If you're looking for details on using word vectors and semantic similarity, check out the linguistic features docs.

The key difference between word vectors and contextual language models such as transformers is that word vectors model lexical types, rather than tokens. If you have a list of terms with no context around them, a transformer model like BERT can't really help you. BERT is designed to understand language in context, which isn't what you have. A word vectors table will be a much better fit for your task. However, if you do have words in context — whole sentences or paragraphs of running text — word vectors will only provide a very rough approximation of what the text is about.

Word vectors are also very computationally efficient, as they map a word to a vector with a single indexing operation. Word vectors are therefore useful as a way to improve the accuracy of neural network models, especially models that are small or have received little or no pretraining. In spaCy, word vector tables are only used as static features. spaCy does not backpropagate gradients to the pretrained word vectors table. The static vectors table is usually used in combination with a smaller table of learned task-specific embeddings.

Word vectors are not compatible with most transformer models, but if you're training another type of NLP network, it's almost always worth adding word vectors to your model. As well as improving your final accuracy, word vectors often make experiments more consistent, as the accuracy you reach will be less sensitive to how the network is randomly initialized. High variance due to random chance can slow down your progress significantly, as you need to run many experiments to filter the signal from the noise.

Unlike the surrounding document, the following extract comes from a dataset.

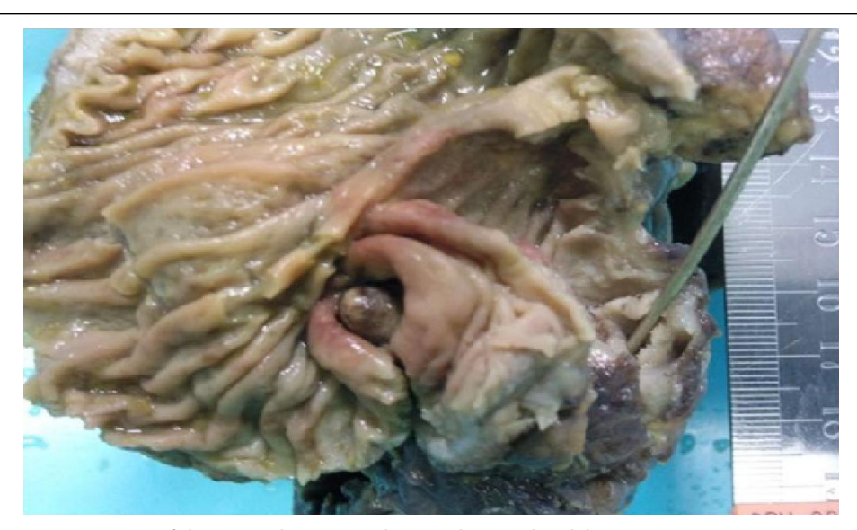
Figure 1 macroscopic appearance of the resected specimen showing the caecal nodule.

The aetiology of endometriosis remains unknown and controversial [2,7]. There are many theories but currently the most widely accepted theory is that of 'retrograde menstruation' causing the implantation and growth of endometriosis on the serosal surface of extrauterine organs or occurring secondary to metaplasia in the pelvic peritoneum [2,5,8,9]. The concept of 'retrograde menstruation' is supported by the mainly pelvic

Word vector features need to be enabled prior to training, and the same word vectors table will need to be available at runtime as well. You cannot add word vector features once the model has already been trained, and you usually cannot replace one word vectors table with another without causing a significant loss of performance.

Shared embedding layers

Pipeline components using a shared embedding component vs. independent embedding layers

Shared Independent
smaller: models only need to include a single copy of the embeddings larger: models need to include the embeddings for each component
faster: slower:
less composable: all components require the same embedding component in the pipeline modular: components can be moved and swapped freely

Pipeline components listening to shared embedding component

Using transformer models

Transformers are a family of neural network architectures that compute dense, context-sensitive representations for the tokens in your documents. Downstream models in your pipeline can then use these representations as input features to improve their predictions. You can connect multiple components to a single transformer model, with any or all of those components giving feedback to the transformer to fine-tune it to your tasks. spaCy's transformer support interoperates with PyTorch and the HuggingFace transformers library, giving you access to thousands of pretrained models for your pipelines. There are many great guides to transformer models, but for practical purposes, you can simply think of them as a drop-in replacement that let you achieve higher accuracy in exchange for higher training and runtime costs.

Setup and installation

System requirements

We recommend an NVIDIA GPU with at least 10GB of memory in order to work with transformer models. Make sure your GPU drivers are up to date and you have CUDA v9+ installed.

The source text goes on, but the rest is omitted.